- **Exercise material**:
#####

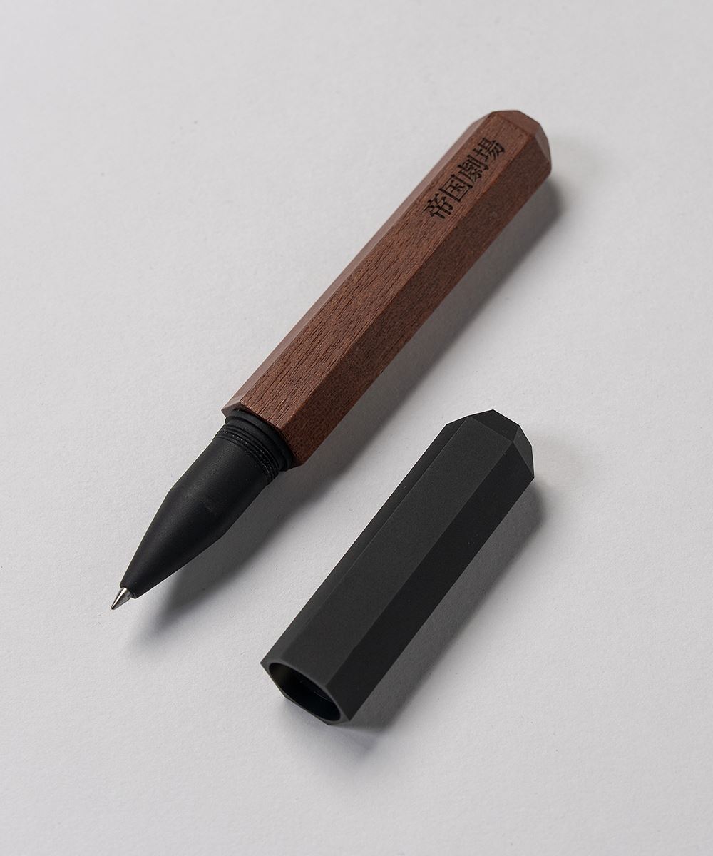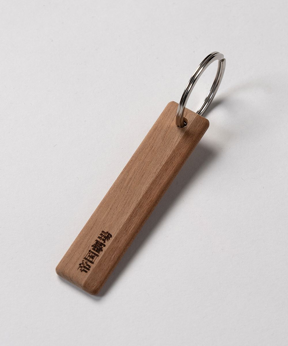 1階・2階の上手・下手ロビーを照らしていた筒型の照明は、3サイズ展開のアッパーライトにリメイク。ロビーなどの手摺りの木からは、ベンチ、着到板キーホルダー、ボールペンの3アイテムが制作された。
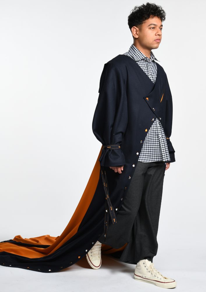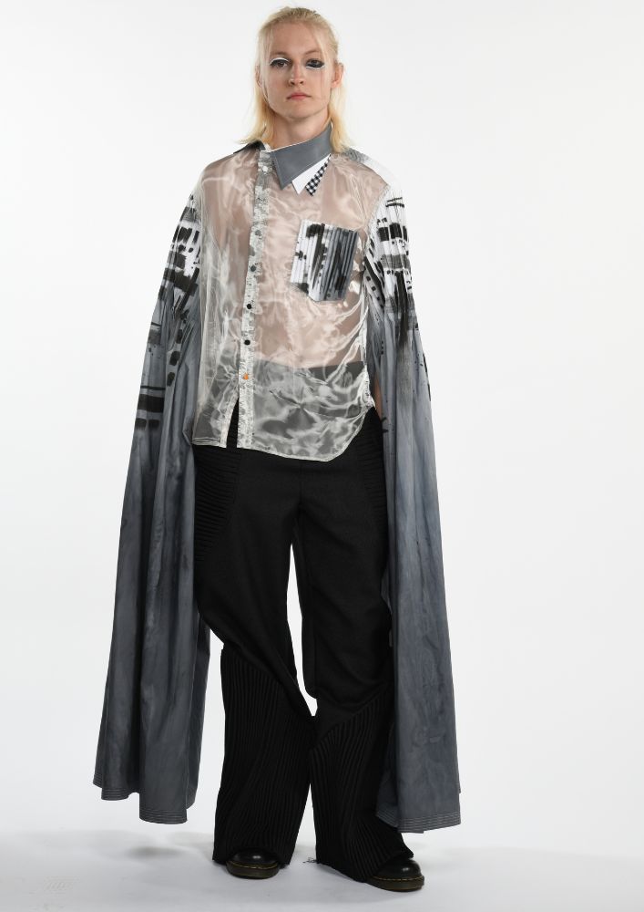 Sarah Muldowney’s graduate collection is a sophisticated exploration of heritage, memory, and modernity. Designed to be inclusive and empowering, the collection deliberately caters to all genders and ages, breaking down the traditional barriers of the fashion industry. It thrives on a series of compelling contrasts—structure versus softness and tradition versus innovation—resulting in garments that honor the weight of the past while looking confidently toward a fluid future.
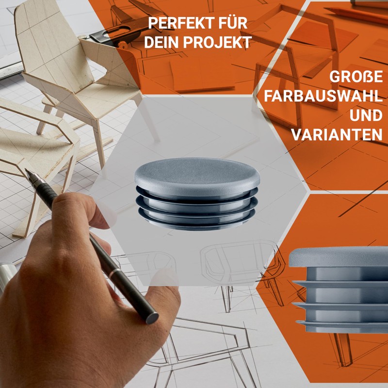 - Application for furniture feet, tube covers, UV resistant; Mounting: for insertion or insertion.
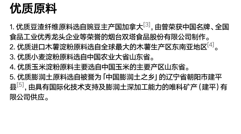 主要原料:加拿大豌豆豆渣纖維、澱粉、瓜爾豆膠、膨潤土
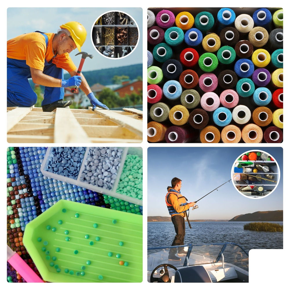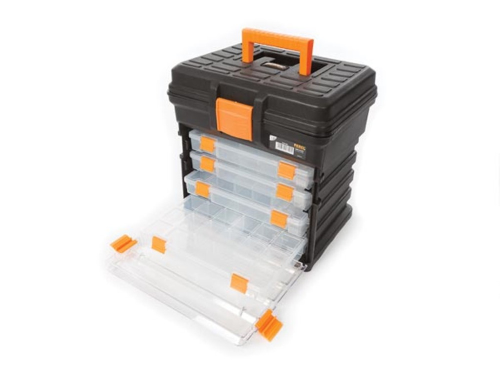 Its robust plastic closures secure contents during transport, and the collapsible handle provides ease of carrying. Perfect for organizing tools, craft supplies, or any items requiring systematic storage, this versatile case adapts to various storage needs seamlessly.

#####

- **What to work on**: Please transcribe, with no additions, the lines starting at the one that contains "主要原料:加拿大豌豆豆渣纖維、澱粉、瓜爾豆膠、膨潤土" and running through the last line of the entries, inclusive. Leave the pictures out.

- **Answer to the exercise**:
 主要原料:加拿大豌豆豆渣纖維、澱粉、瓜爾豆膠、膨潤土
 Its robust plastic closures secure contents during transport, and the collapsible handle provides ease of carrying. Perfect for organizing tools, craft supplies, or any items requiring systematic storage, this versatile case adapts to various storage needs seamlessly.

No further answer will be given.